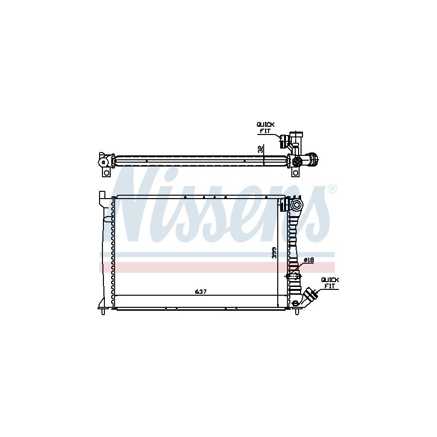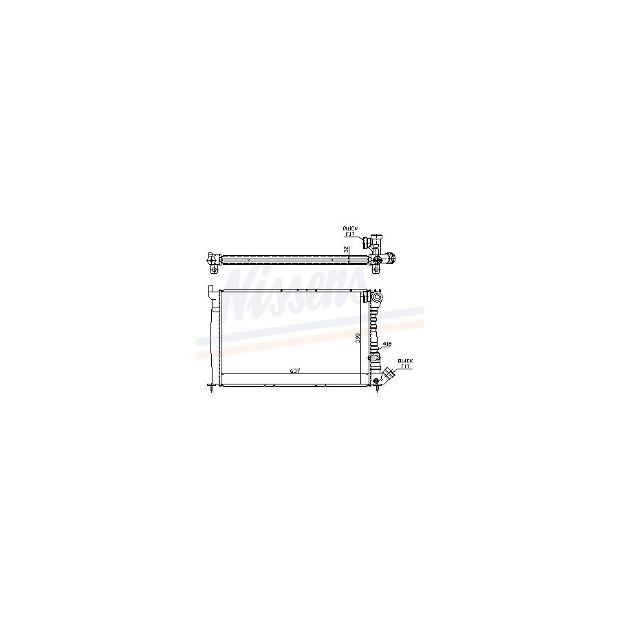 Performance For vehicles without air conditioning Type Radiator Core Length [mm] 637 Core Width [mm] 399 Supplementary Article/Info 2 With thermostat Supplementary Article/Supplementary Info With gaskets/seals Warranty 2 years Radiator type Soldered cooling fins Cooling Fins Material Aluminium Material tank (radiator) Plastic Core Depth [mm] 32 Exhaust diameter [mm] 48 Output diameter [mm] 43,5 Similar products of other manufacturers
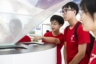实践队成员参观螃蟹生长全息投影 罗凌云 摄
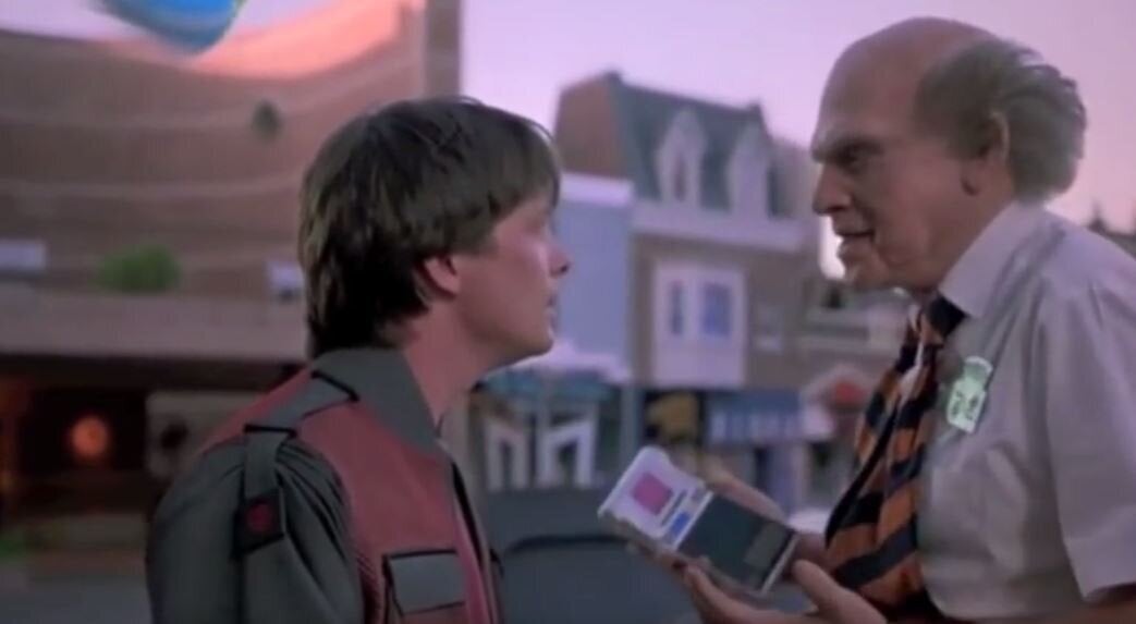 4. Τηλεδιάσκεψη. Βλέπουμε στην ταινία τον ενήλικα Marty McFly ( ο χαρακτήρας που υποδυόταν ο Μάικλ Τζέι Φόξ) να συνομιλεί μέσω μιας οθόνης, video chat, με τον εργοδότη του. Θυμίζει και Skype.

§ **Task to carry out**
Please output each line above exactly and omit all images.

§ **Your response**
 Performance For vehicles without air conditioning Type Radiator Core Length [mm] 637 Core Width [mm] 399 Supplementary Article/Info 2 With thermostat Supplementary Article/Supplementary Info With gaskets/seals Warranty 2 years Radiator type Soldered cooling fins Cooling Fins Material Aluminium Material tank (radiator) Plastic Core Depth [mm] 32 Exhaust diameter [mm] 48 Output diameter [mm] 43,5 Similar products of other manufacturers
实践队成员参观螃蟹生长全息投影 罗凌云 摄
 4. Τηλεδιάσκεψη. Βλέπουμε στην ταινία τον ενήλικα Marty McFly ( ο χαρακτήρας που υποδυόταν ο Μάικλ Τζέι Φόξ) να συνομιλεί μέσω μιας οθόνης, video chat, με τον εργοδότη του. Θυμίζει και Skype.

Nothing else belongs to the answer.